→ Input data
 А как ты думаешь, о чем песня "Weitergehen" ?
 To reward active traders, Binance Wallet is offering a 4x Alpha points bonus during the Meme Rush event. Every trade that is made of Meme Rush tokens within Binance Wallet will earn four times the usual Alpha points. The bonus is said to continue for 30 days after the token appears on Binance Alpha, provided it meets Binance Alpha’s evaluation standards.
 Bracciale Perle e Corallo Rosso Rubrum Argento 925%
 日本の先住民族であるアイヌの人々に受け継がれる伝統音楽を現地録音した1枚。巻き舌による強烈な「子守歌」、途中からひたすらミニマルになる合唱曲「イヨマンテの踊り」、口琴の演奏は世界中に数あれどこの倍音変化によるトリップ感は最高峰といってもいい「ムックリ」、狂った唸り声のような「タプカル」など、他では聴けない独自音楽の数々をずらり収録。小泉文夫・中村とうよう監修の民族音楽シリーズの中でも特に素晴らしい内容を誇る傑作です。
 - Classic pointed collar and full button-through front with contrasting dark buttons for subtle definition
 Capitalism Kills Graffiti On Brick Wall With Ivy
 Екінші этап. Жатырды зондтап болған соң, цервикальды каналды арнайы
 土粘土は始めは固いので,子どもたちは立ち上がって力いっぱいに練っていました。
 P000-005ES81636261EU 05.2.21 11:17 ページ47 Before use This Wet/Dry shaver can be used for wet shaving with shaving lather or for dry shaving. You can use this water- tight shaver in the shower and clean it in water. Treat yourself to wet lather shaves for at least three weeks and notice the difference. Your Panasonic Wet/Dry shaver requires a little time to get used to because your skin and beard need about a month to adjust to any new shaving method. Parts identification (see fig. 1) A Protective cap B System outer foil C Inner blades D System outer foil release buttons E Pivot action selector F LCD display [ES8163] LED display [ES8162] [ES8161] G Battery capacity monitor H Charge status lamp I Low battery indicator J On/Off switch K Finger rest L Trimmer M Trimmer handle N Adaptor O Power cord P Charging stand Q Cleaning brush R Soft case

→ Exercise details
Extract the first line above and each line after it up to and including the one with "土粘土は始めは固いので,子どもたちは立ち上がって力いっぱいに練っていました。", please, exactly and with nothing else.

→ Answer below
 А как ты думаешь, о чем песня "Weitergehen" ?
 To reward active traders, Binance Wallet is offering a 4x Alpha points bonus during the Meme Rush event. Every trade that is made of Meme Rush tokens within Binance Wallet will earn four times the usual Alpha points. The bonus is said to continue for 30 days after the token appears on Binance Alpha, provided it meets Binance Alpha’s evaluation standards.
 Bracciale Perle e Corallo Rosso Rubrum Argento 925%
 日本の先住民族であるアイヌの人々に受け継がれる伝統音楽を現地録音した1枚。巻き舌による強烈な「子守歌」、途中からひたすらミニマルになる合唱曲「イヨマンテの踊り」、口琴の演奏は世界中に数あれどこの倍音変化によるトリップ感は最高峰といってもいい「ムックリ」、狂った唸り声のような「タプカル」など、他では聴けない独自音楽の数々をずらり収録。小泉文夫・中村とうよう監修の民族音楽シリーズの中でも特に素晴らしい内容を誇る傑作です。
 - Classic pointed collar and full button-through front with contrasting dark buttons for subtle definition
 Capitalism Kills Graffiti On Brick Wall With Ivy
 Екінші этап. Жатырды зондтап болған соң, цервикальды каналды арнайы
 土粘土は始めは固いので,子どもたちは立ち上がって力いっぱいに練っていました。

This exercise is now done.